**What the task asks**
Once you find the line with "5歳児が野菜を収穫しました。" in the listing below, set down exactly every line from it through the line with "whiplash motion can", but no pictures.

**Working data**

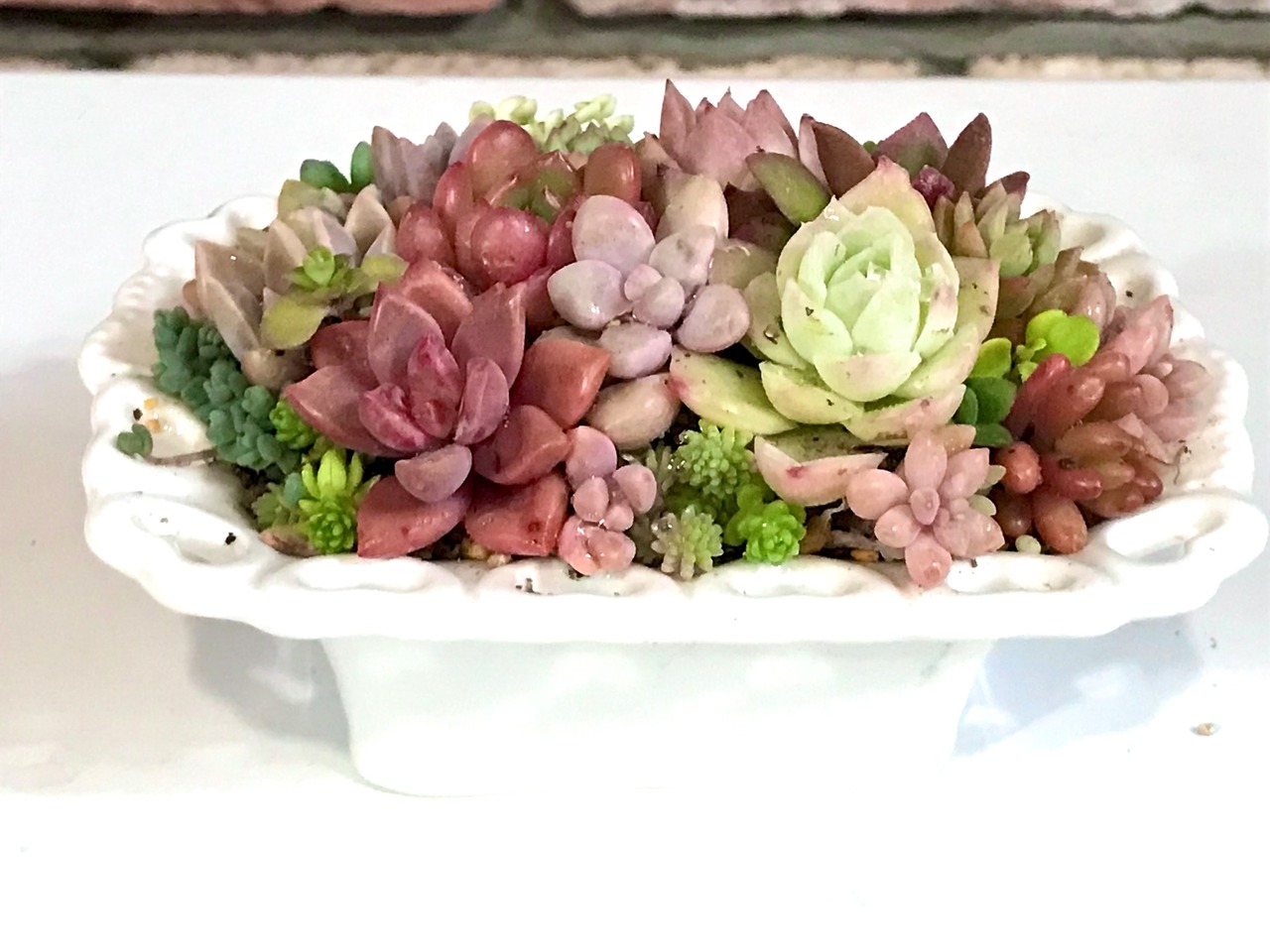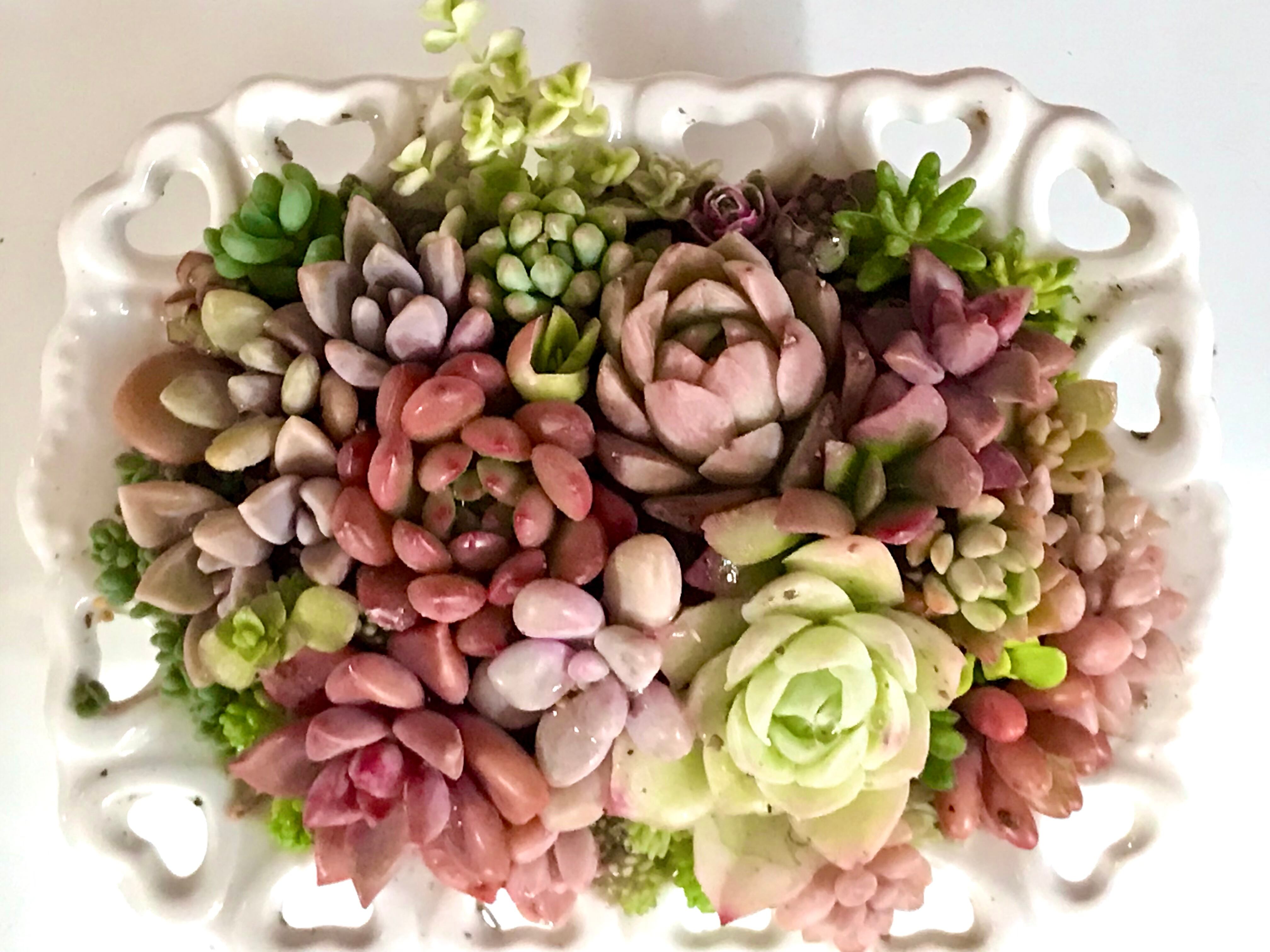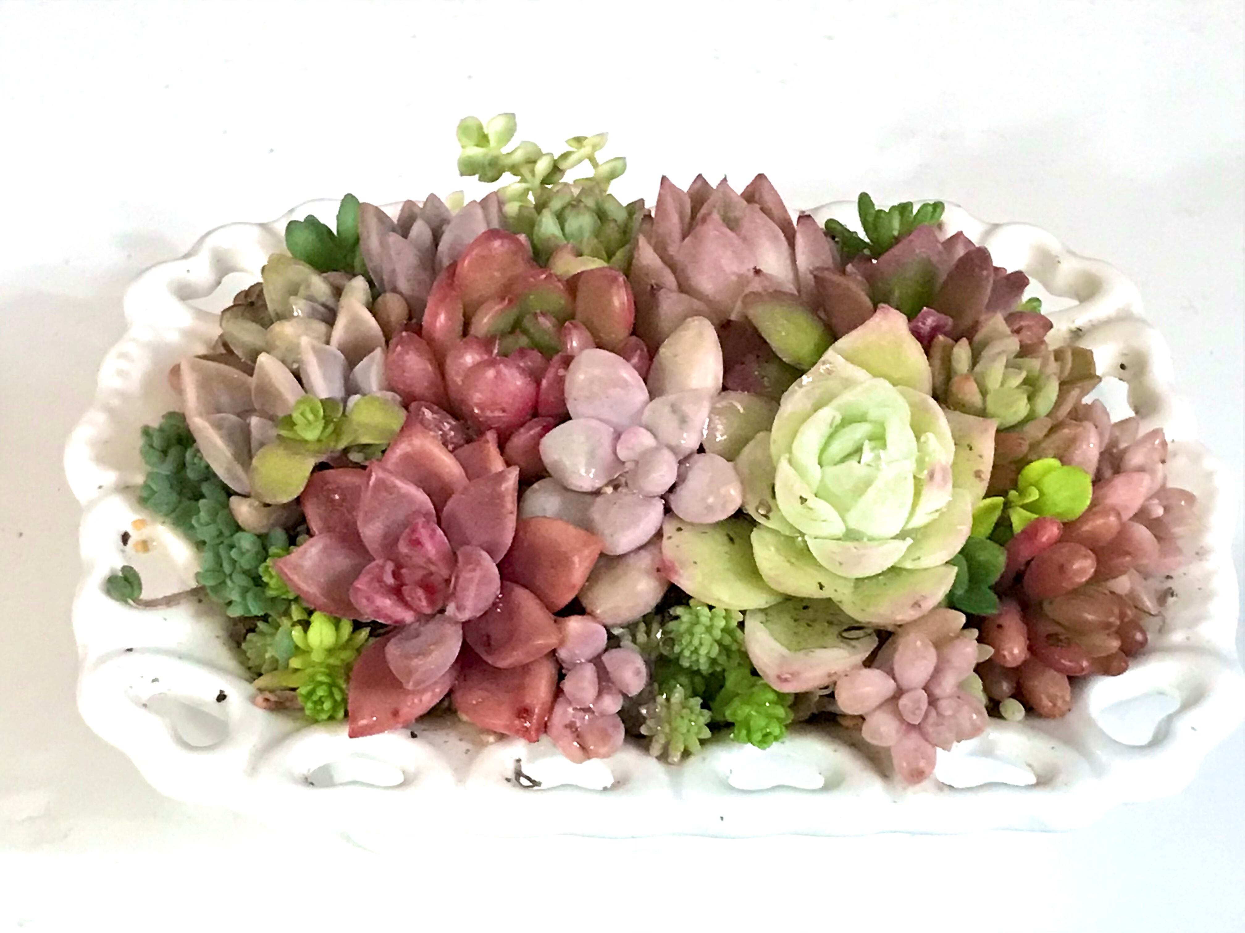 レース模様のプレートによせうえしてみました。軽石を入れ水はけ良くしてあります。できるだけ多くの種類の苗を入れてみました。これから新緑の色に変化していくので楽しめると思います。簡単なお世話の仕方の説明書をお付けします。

...

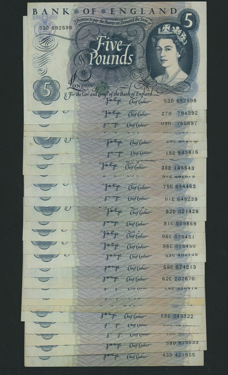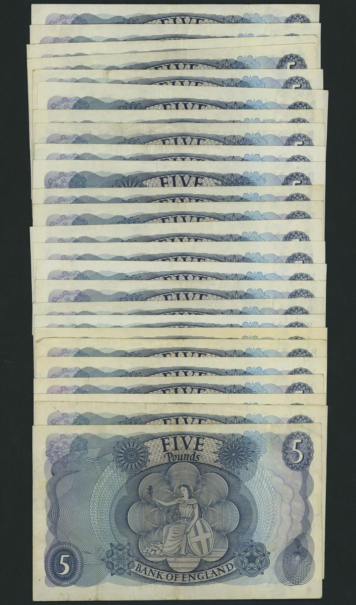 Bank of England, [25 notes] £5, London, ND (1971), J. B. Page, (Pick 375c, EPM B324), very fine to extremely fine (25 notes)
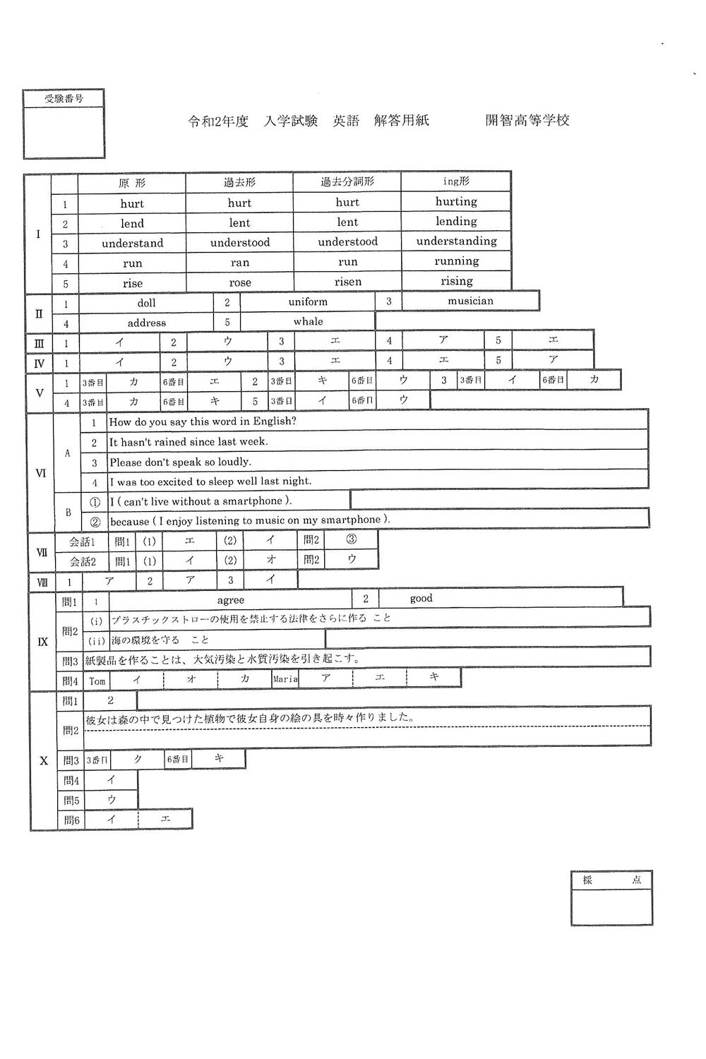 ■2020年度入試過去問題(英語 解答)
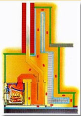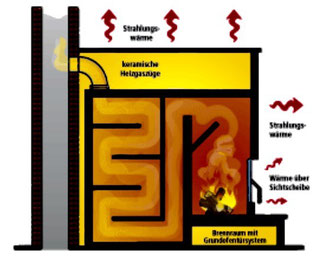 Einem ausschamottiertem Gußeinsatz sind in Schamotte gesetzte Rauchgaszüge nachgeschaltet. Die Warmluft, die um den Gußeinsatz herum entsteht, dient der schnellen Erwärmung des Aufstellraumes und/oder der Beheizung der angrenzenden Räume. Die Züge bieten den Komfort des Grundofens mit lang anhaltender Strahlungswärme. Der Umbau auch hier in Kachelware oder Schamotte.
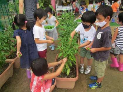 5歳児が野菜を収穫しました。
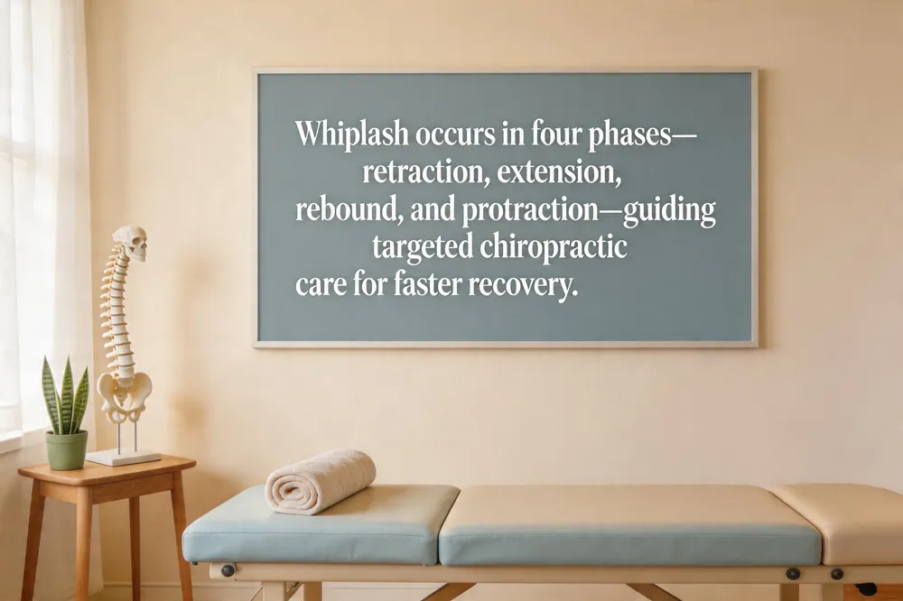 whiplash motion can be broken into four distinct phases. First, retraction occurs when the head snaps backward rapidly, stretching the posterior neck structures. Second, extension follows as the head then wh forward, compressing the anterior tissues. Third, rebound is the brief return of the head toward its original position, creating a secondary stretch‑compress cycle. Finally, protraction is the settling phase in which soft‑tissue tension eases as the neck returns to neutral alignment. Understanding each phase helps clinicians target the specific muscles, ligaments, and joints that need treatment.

**Solution to this problem**
 5歳児が野菜を収穫しました。
 whiplash motion can be broken into four distinct phases. First, retraction occurs when the head snaps backward rapidly, stretching the posterior neck structures. Second, extension follows as the head then wh forward, compressing the anterior tissues. Third, rebound is the brief return of the head toward its original position, creating a secondary stretch‑compress cycle. Finally, protraction is the settling phase in which soft‑tissue tension eases as the neck returns to neutral alignment. Understanding each phase helps clinicians target the specific muscles, ligaments, and joints that need treatment.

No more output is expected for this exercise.